Это привело Адомаса в себя. Исчезла пестрая пелена перед глазами. Он ясно видит. Снова скрестились глаза человека и зверя. Оба живы.

Увы, волк не ослаб, хоть и давится пикой. Он выгнул хребет, храпит, вырывается из-под Адомаса, почти садится. Еще секунда, и леснику его не удержать. В горящих глазах волка нет пощады. Зверь знает, зачем напал на этого человека.

Проклятые, кровожадные глаза!

И не колеблясь Адомас воткнул пальцы в глазные впадины зверя. Рвет, раздирает… Чаща дрогнула от воя. Адомас уже не знает, чья кровь у него на руках — человечья или звериная. Нет больше волчьих глаз. Но нет уже сил и у Адомаса.

Он встает, пытается бежать…

Вскакивает и волк, вытягиваясь во всю длину на задних лапах. Тянется к человеку.

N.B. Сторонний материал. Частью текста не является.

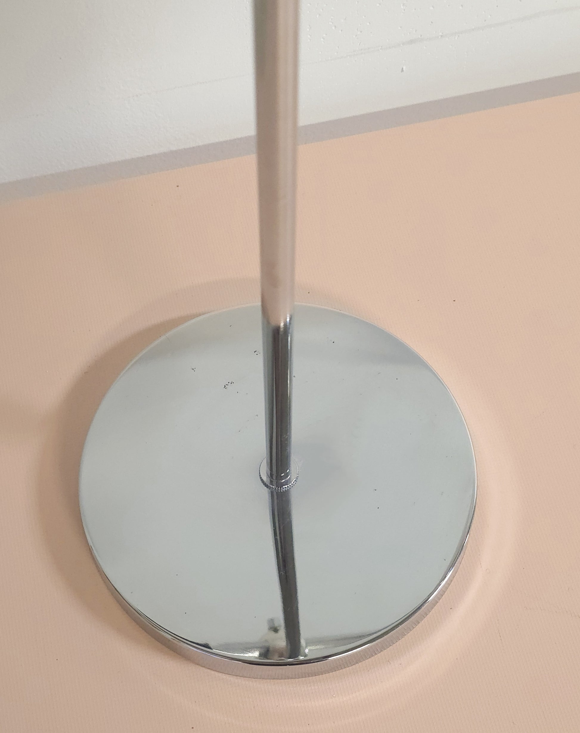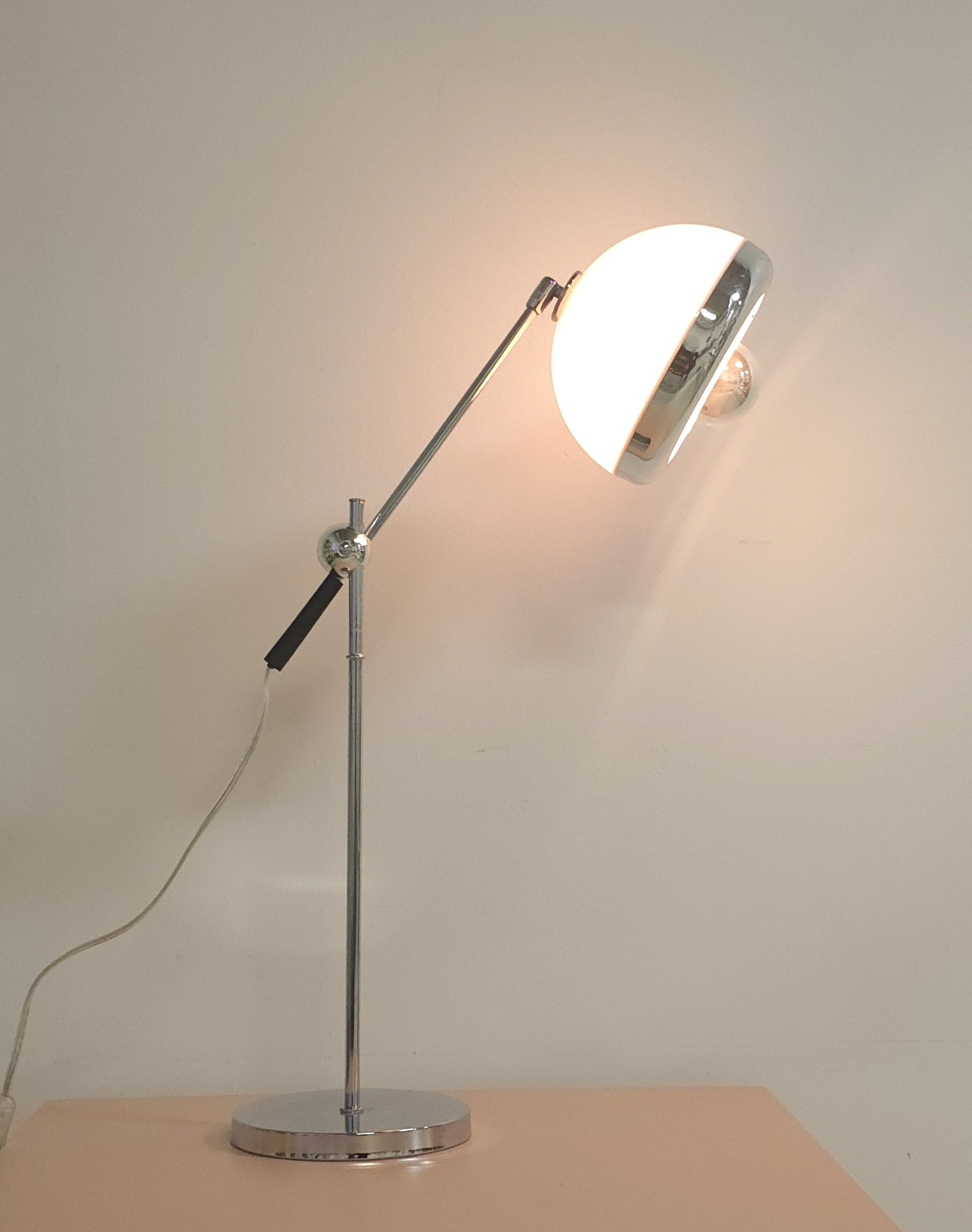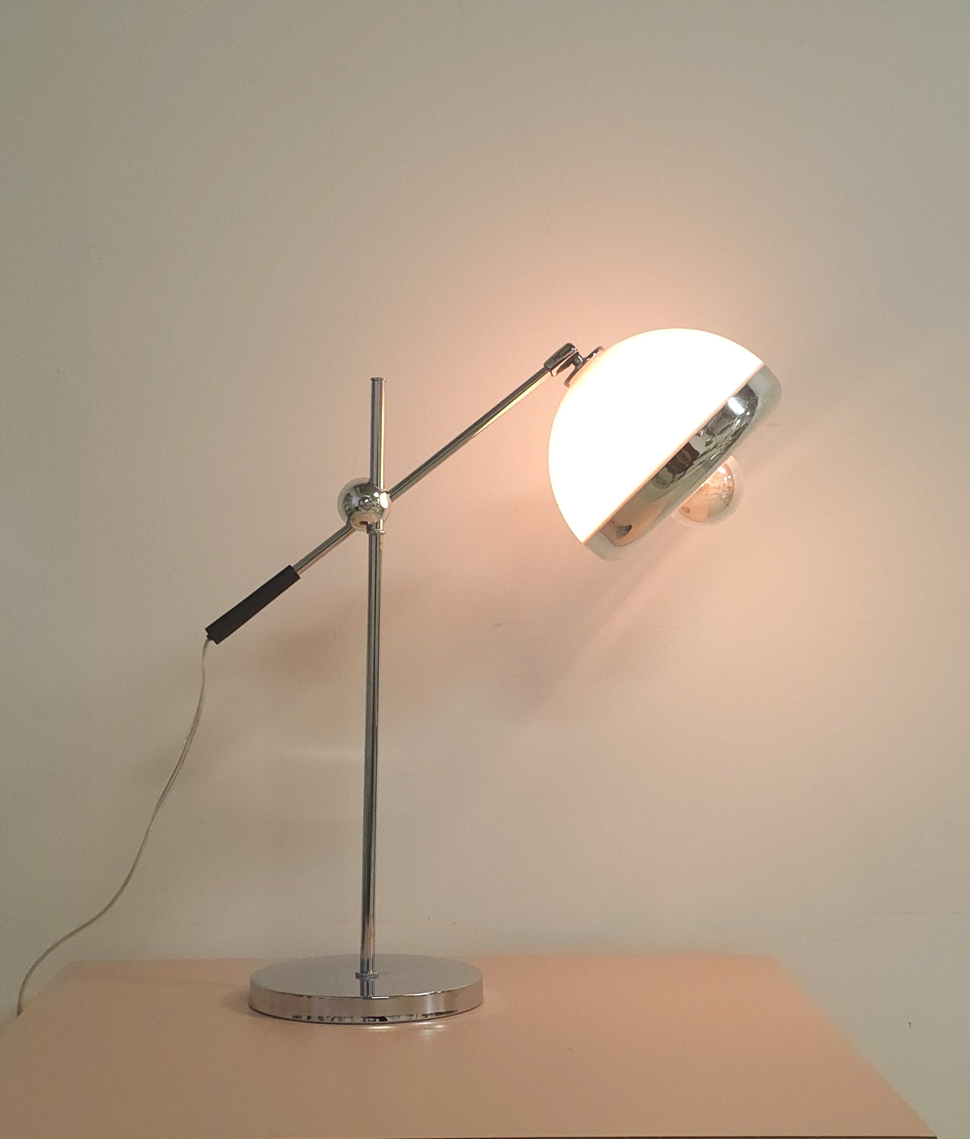 Lovely adjustable chrome table lamp. This lamp is perfect as a table and desk lamp as it's adjustable to the desired height and width. The body is chrome, while the shade is acrylic/plastic finished in white with a chrome/silver edges. In great condition with some minor signs of wear.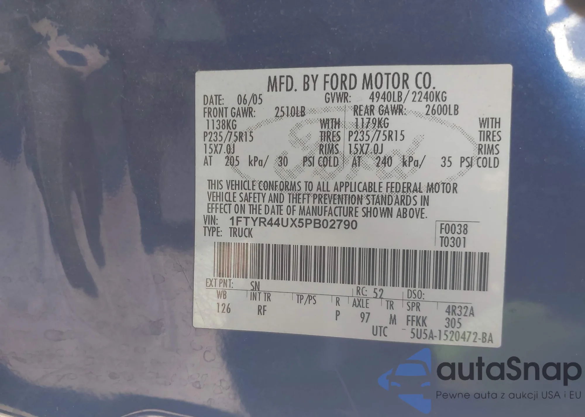 • VIN 1FTYR44UX5PB02790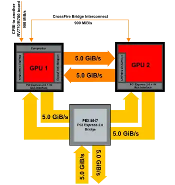 Esta generación de diseño de doble GPU conserva el uso de un puente PCI Express, PLX PEX 8647 con una disipación de potencia de 3,8 vatios incluida la compatibilidad con PCI Express 2.0, lo que permite dos GPU en la misma ranura PCI Express con el doble de ancho de banda que la generación anterior de producto (Radeon HD 3870 X2). Las generaciones posteriores de diseño de doble GPU también cuentan con una interconexión para las comunicaciones entre GPU mediante la implementación de un CrossFire X SidePort en cada GPU, lo que brinda un ancho de banda entre GPU full-duplex adicional de 5 GB/s. Estas dos características aumentan el ancho de banda total para diseños de doble GPU a 21,8 GB/s.
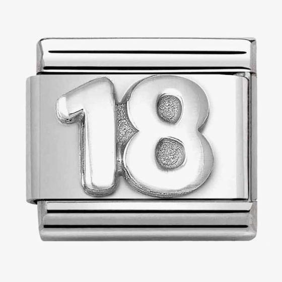 The Nomination Composable CLASSIC 18 Charm 330101/56 features a sterling silver plate with an oxidised 18 design which is set on a stainless-steel base. The perfect memento to remember a special birthday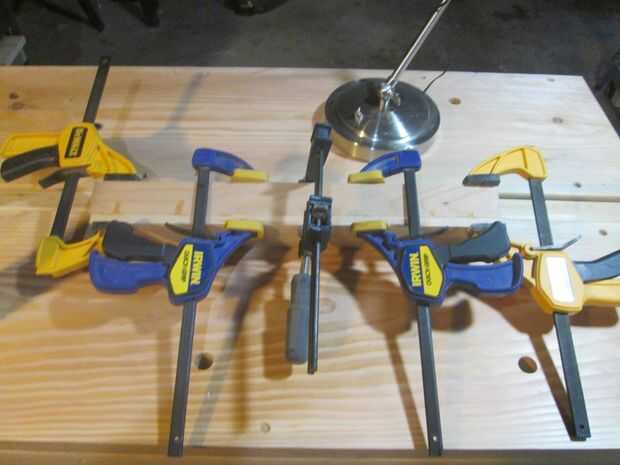 Una vez que repita el proceso separando el pegamento de la misma manera en la parte superior de ambas piezas (se muestra) y sujeción 2 1/4" del tablero sobre el

Зацепившись ногой за корягу, Адомас падает ничком в снег. Но если хочешь жить, вставай, защищайся! С невероятной ловкостью Адомас поднимается на ноги, инстинктивно прикрывает рукой лицо. Где волк?

Адомас видит: хищник кружится колесом на месте, ударяется о сосенку. Потом бежит все быстрее, все дальше от Адомаса. Рыжая шкура с черной полосой на пояснице исчезает за деревьями, за белыми косынками инея.

Адомас бредет по лесу. Шатается. Временами кричит. Слева и справа звучит эхо.

Человек настолько изнурен, что почти забывает знакомую дорогу. Порой стукается о дерево, и тогда сверху мягко осыпаются снежные кружева, обнажаются ветки. Адомас бредет с непокрытой головой. На белый полог падают крупные капли. Кровь — след пройденного им пути.

Адомас снова окликает лесную чащу, далеких людей. Хочет увидеть живого человека… Встретить друга… И рассказать.

Со стороны Немана — выстрел.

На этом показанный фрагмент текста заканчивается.